WFU

2017年11月3日 星期五

Consideration of temporomandibular joint in occlusion-oriented oral and maxillofacial surgery

Consideration of temporomandibular joint in occlusion-oriented oral and maxillofacial surgery

Professor Tetsu TAKAHASHI


Tohoku University
Sendai
JAPAN


 Temporomandibular joint (TMJ) is a diathrodial joint, which is composed of the temporal bone and the mandible, as well as a specialized dense fibrous structure, the articular disk, several ligaments, and numerous associated muscles.
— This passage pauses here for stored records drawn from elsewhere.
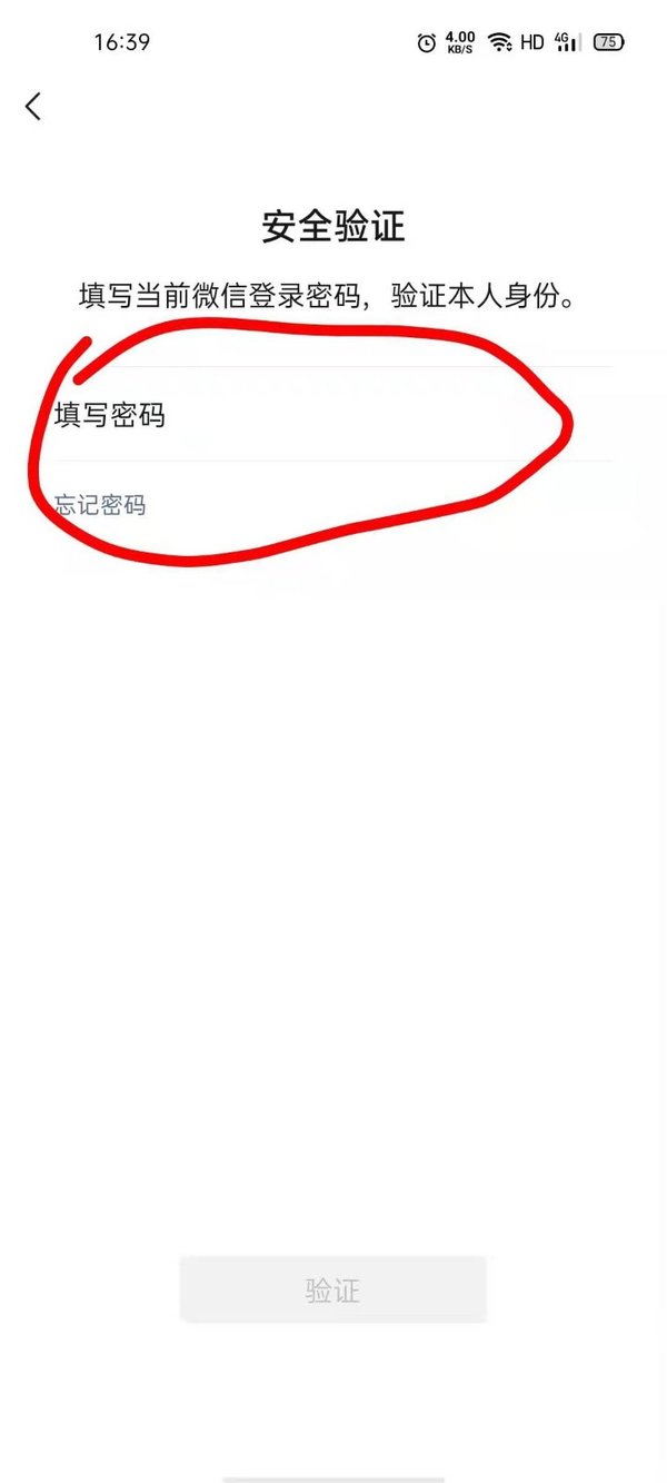 然后需要进行身份验证,也就是输入一下微信账号登录密码即可。
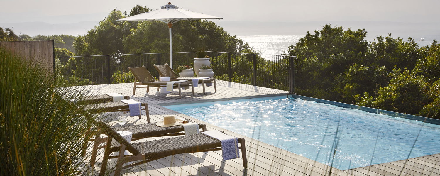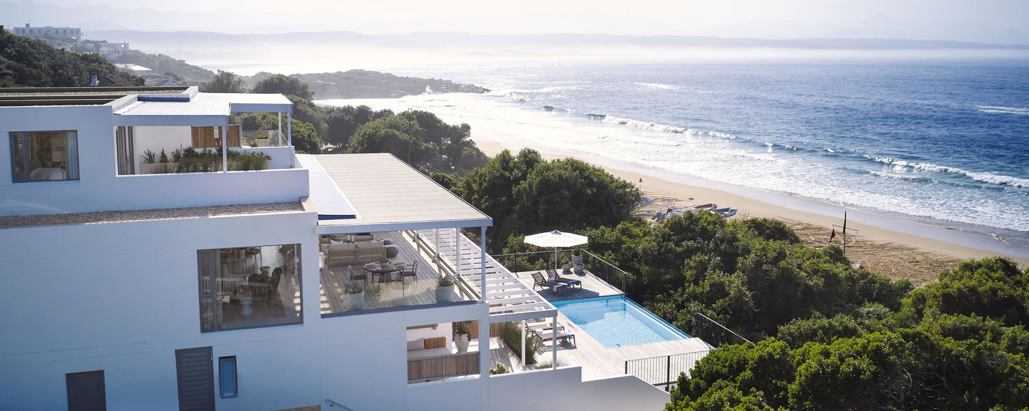 Perched on a stone ridge along the Central Beach front of Plettenberg Bay, built by Howard Walker, stands as an exquisite and exclusive property.
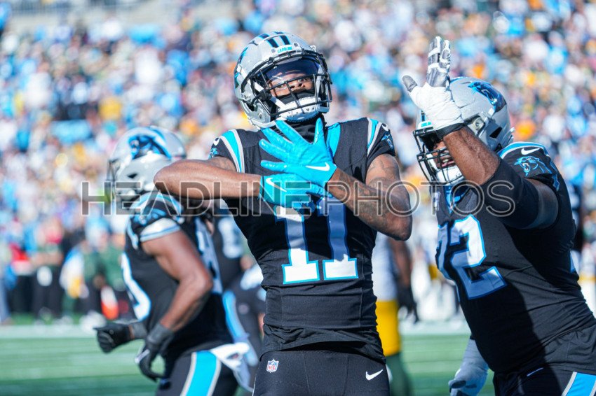 Charlotte, North Carolina, USA, December 24, 2023, Carolina Panthers wide receiver Ihmir Smith-Marsette #11 celebrate after making a touchdown after a catch at Bank of America Stadium. (Photo Credit: Marty Jean-Louis)
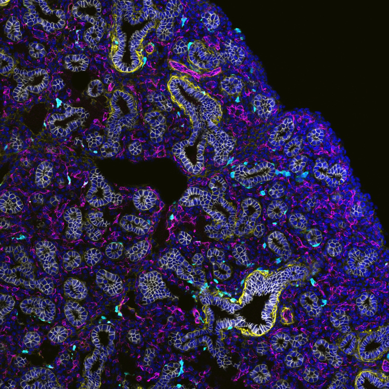 Here we see antibody staining of a lineage tracing experiment to look at the fate of progenitor cells labelled prior to organ development. Progeny of labeled progenitor cells can be seen by expression of a reporter (shown in cyan). Clonal relationships and cell fate decisions can be inferred by looking for expression of cell type markers such as PECAM for endothelial cells and ACTA2 for smooth muscle.
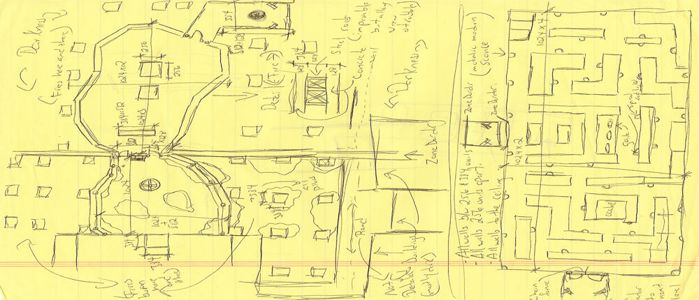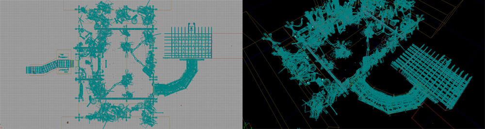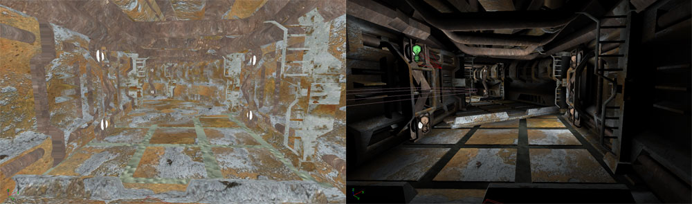Layout Process ![]() Nameless was a UT2004 mod project based on the movie The Running Man. In the mod the player is a nameless contestant in a game show in which he is placed in various situations where he must fight for his life in order to move on to the next area/arena. The game show is rigged of course as the enemies he faces are much better equipped than the player. In the game however the player manages to get past all of the arenas as well as find a way back into the city. Once in the city he makes his way back to the TV show to supposedly face the host and creator of the game. What the player doesn’t know is that he is a plant from the resistance movement whose plan (albeit a desperate one) was to use the show to broadcast their anti-government message and hopefully inspire the citizens to rise up. The layout for District 5 was created by myself and two of my teammates Dominic Lucidon and Stephen Kottle. My task was to build the District 5 map. In the map our programmer had created new behavior for the bots and a weapon that pushed the enemies back like an air gun so that in the first arena the player’s objective was to throw the NPC fighters into exploding crates and other environment objects to damage them and eventually kill them. After this area the player entered a maze which was filled with stealth robots. In this arena the player was given a short range sonar device which would give the approximate location of the robots which he had to find and destroy using only a cattle prod type weapon. How stealthy the player was an important factor in this area. After completing this arena the player would go through a door which would load the next map consisting of a driving area which was built by Dominic Lucidon member and me. Building Process ![]() The actual building process for this map was fairly straight forward. The difference from other maps is that the game play and enemy bot behavior was constantly evolving and changing thus the layout and scale of the map had to be changed a number of times. Paths that worked in one layout and build may not work with the new bot behavior thus pathnodes and mesh placement were always being adjusted. In the end the majority of the changes dealt with the first arena as this was the most open and the space where the enemy bots needed the most room to move around and dodge the players actions. Also collision in this map was tricky as there are lots of static meshes with odd shapes. Thus new collisions were used instead of the mesh default ones to help with frame rate and to keep the player from getting stuck. The mesh placement also called for many models to be used despite the map as a whole being somewhat small. This was necessary since the run down location of the first fighting area needed to look old, rusty and cluttered since it was located in the lower slum like portion of the city. Therefore lots of them needed to be stacked up and placed on top and within others. Lighting Process ![]() The lighting process for this map was somewhat difficult as the map relied more on static meshes to give it shape rather than BSP. Because some meshes can take light differently than others (even in the same area or next too) a lot of shuffling around and special lights were required as well as using some of the ambient properties of the meshes themselves. Also to light the area from the lamp posts required some tweaking to better blend in with the new positions of the meshes and some of their ambient settings. In the end about five light actors were used for each post at various radiuses and brightness settings to capture the cone shape this type of light source would produce especially on the floor where the concentration of the light would be. Final Steps ![]() The final steps of this map consisted of lots of testing both by members of the team and others. The last step was adding the final enemies and checking (and tweaking) how they would be presented and if they continued to react to the player as we wanted them too. After this map we concentrated on the driving area which was already under way by myself and Dominic Lucidon. |
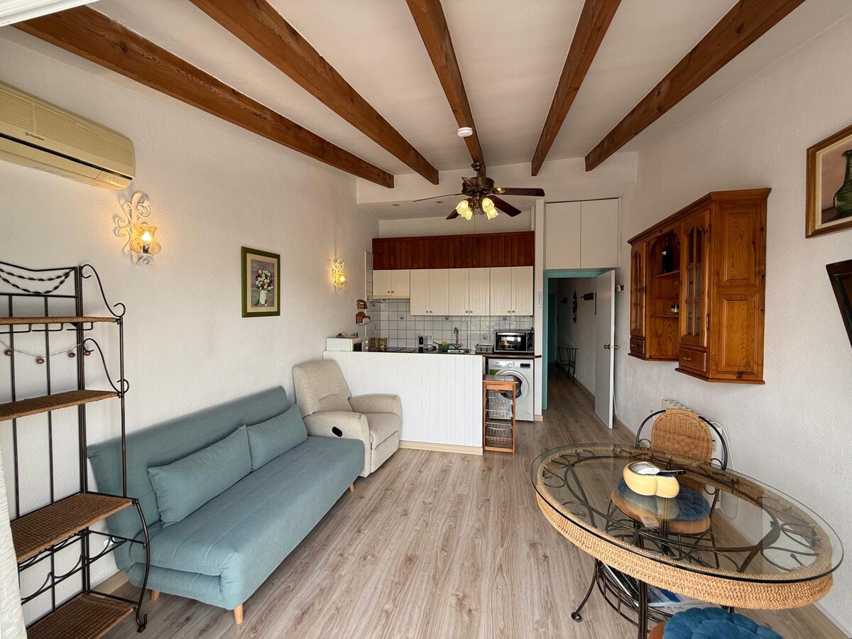 A 5 minutos de la playa y la plaza de la iglesia. Terraza con vistas al mar, dormitorio doble con aire acondicionado, dormitorio individual, baño y cocina equipada. Parking público a 1 minuto. Ideal para disfrutar del mar y el centro. 5 min from the beach and church square. Terrace with sea views, double bedroom with AC, single bedroom, bathroom, and equipped kitchen. Public parking 1 min away. Perfect for enjoying the sea and town center.
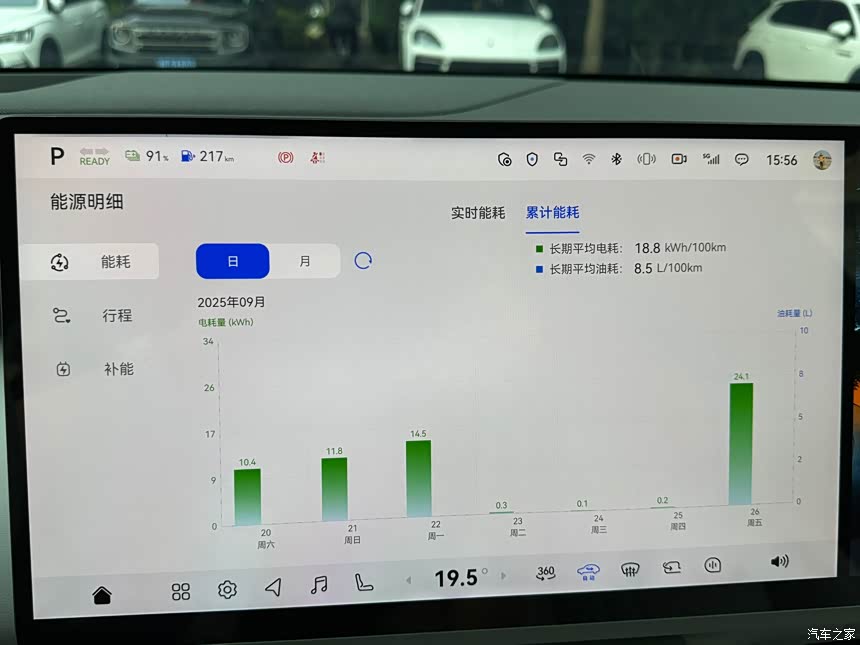 续航满分。充满电,纯电模式能开180公里,加了300块钱的有,表显纯油的续航里程是700公里。不论是城市行驶,还是长途自驾,都能做到续航无忧!
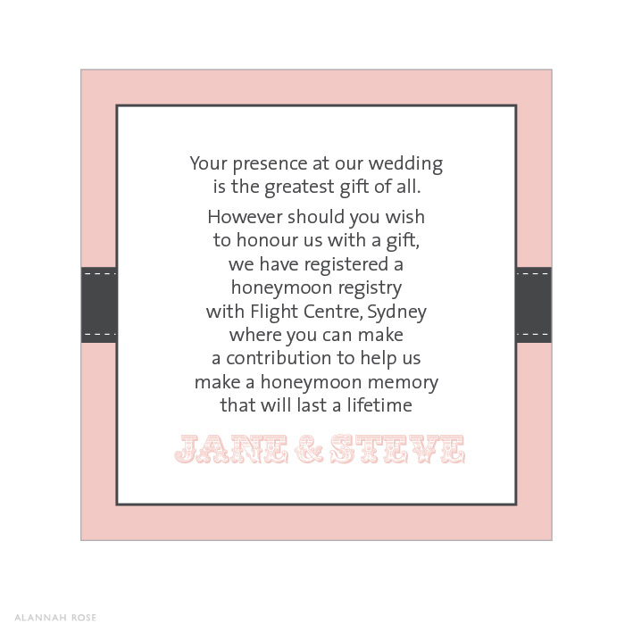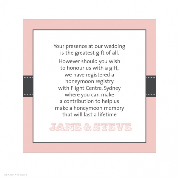 These cards are ideal for those wishing to advise guests of gift or wishing well ideas. They are printed to one side only on Satin Deluxe card stock, and are perfect for slipping into the envelope with the invitation. Shimmer or Textured card stock is available at an additional charge. For those with extra text, we can print to the reverse for an additional charge. Flat size 68 x 68mm
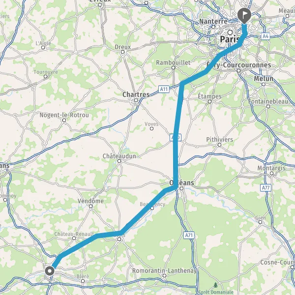 Prendre à droite et rejoindre A10 E5 E60. Continuer sur 107 kilomètres
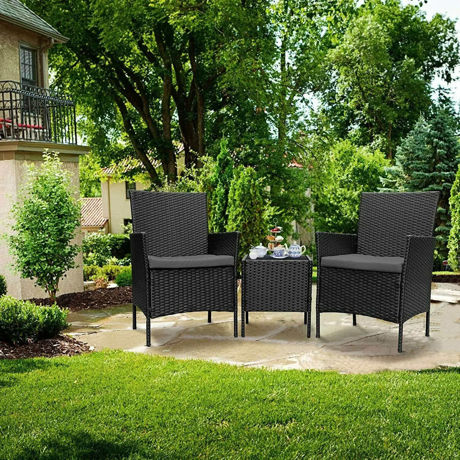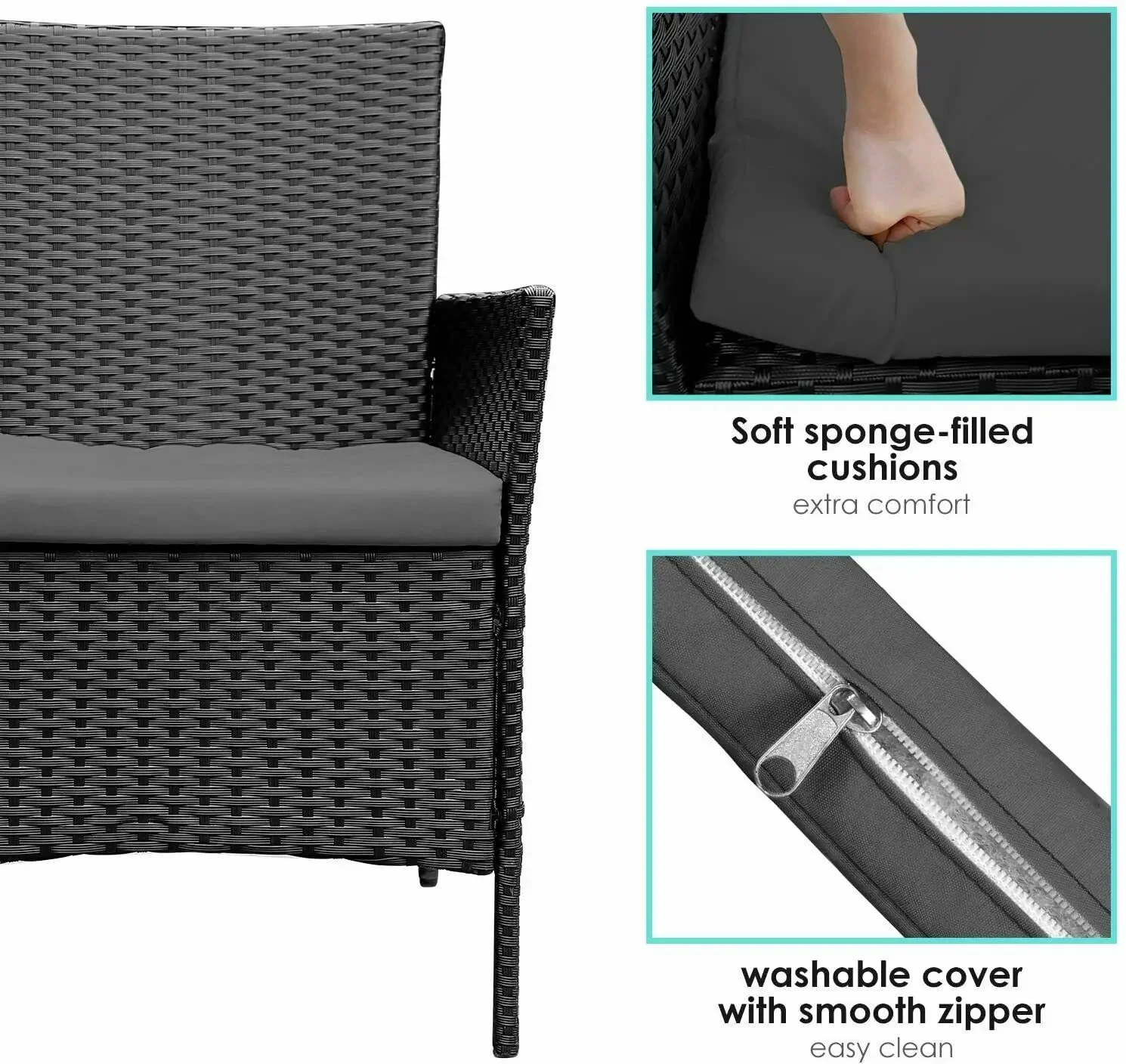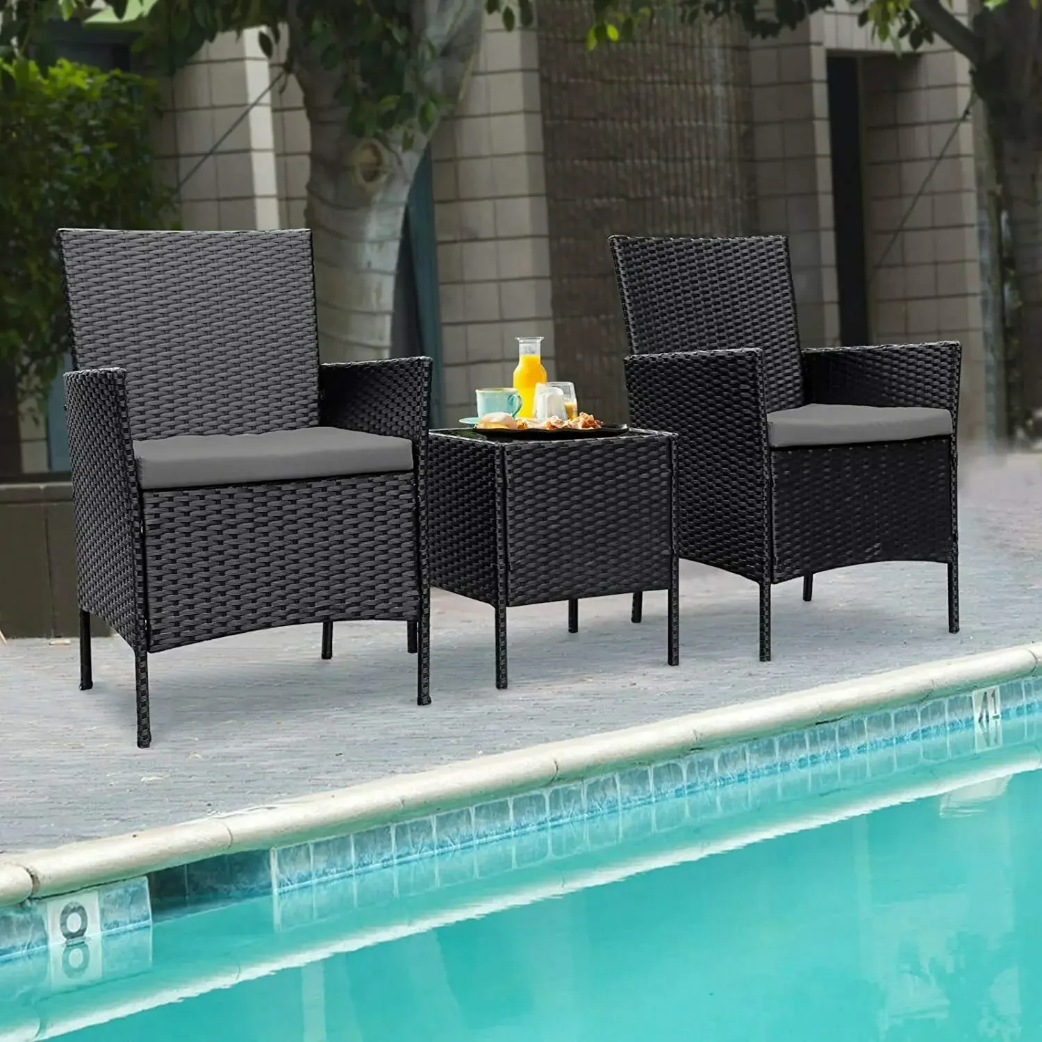 3 pezzi in vimini rattan patio mobili da esterno divano da conversazione set da bistrot set di divani imbottiti da giardino, tavolino + 2 sedie
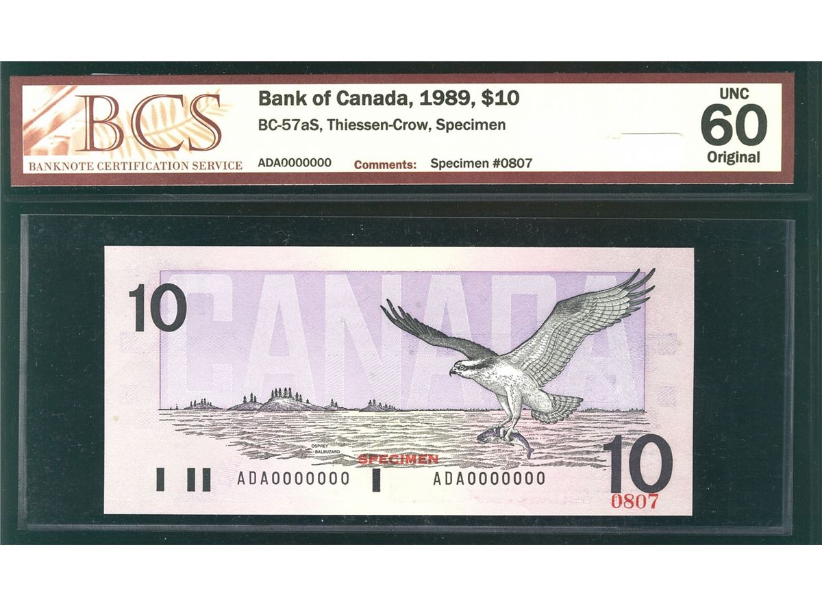 1989 $10 BC-57aS Specimen #0807 BCS UNC60 Original.
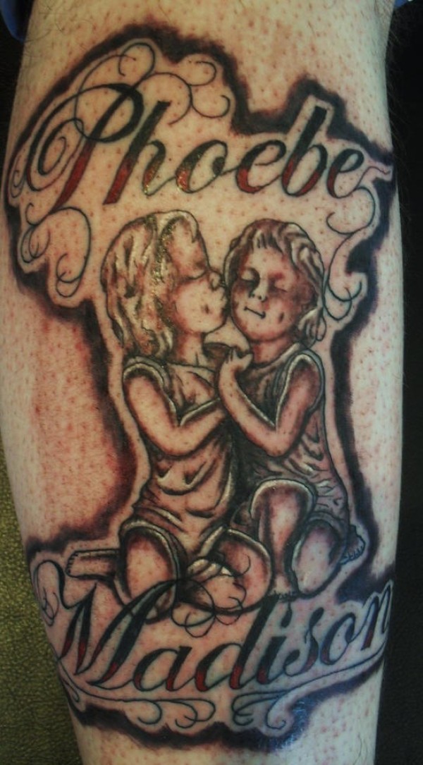 腿部棕色孩子菲比和麦迪逊纹身图案
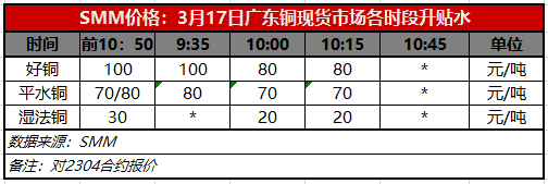 3月17日广东铜现货市场各时段升贴水(第三时段10:15)【SMM价格】

Functionally the TMJ is a compound joint, composed of four articulating surfaces: the articular facets of the temporal
bone and of the mandibular condyle and the superior and inferior surfaces of the articular disk. The articular disk divides the joint into two compartments. The lower compartment permits hinge motion or rotation and hence is termed ginglymoid. The superior compartment permits
sliding (or translatory) movements and is therefore called arthrodial. Hence the TMJ as a whole can be termed ginglymoarthrodial.
 Trauma such as condylar fractures, growth anomalies, neoplastic diseases, and TMJ disorders including osteoarthritis cause dento-maxillo-facial deformities and occlusal disorders. When we correct such dento-maxillo-facial deformities including occlusion, special care should be taken not to aggravate TMJ function such as articulation and occlusion. Therefore, we oral and maxillofacial surgeons should always consider TMJ antomy, pathophysiology, and function. In this lecture, I would like to focus on TMJ, specifically on its biology and function in oral and maxillofacial surgery.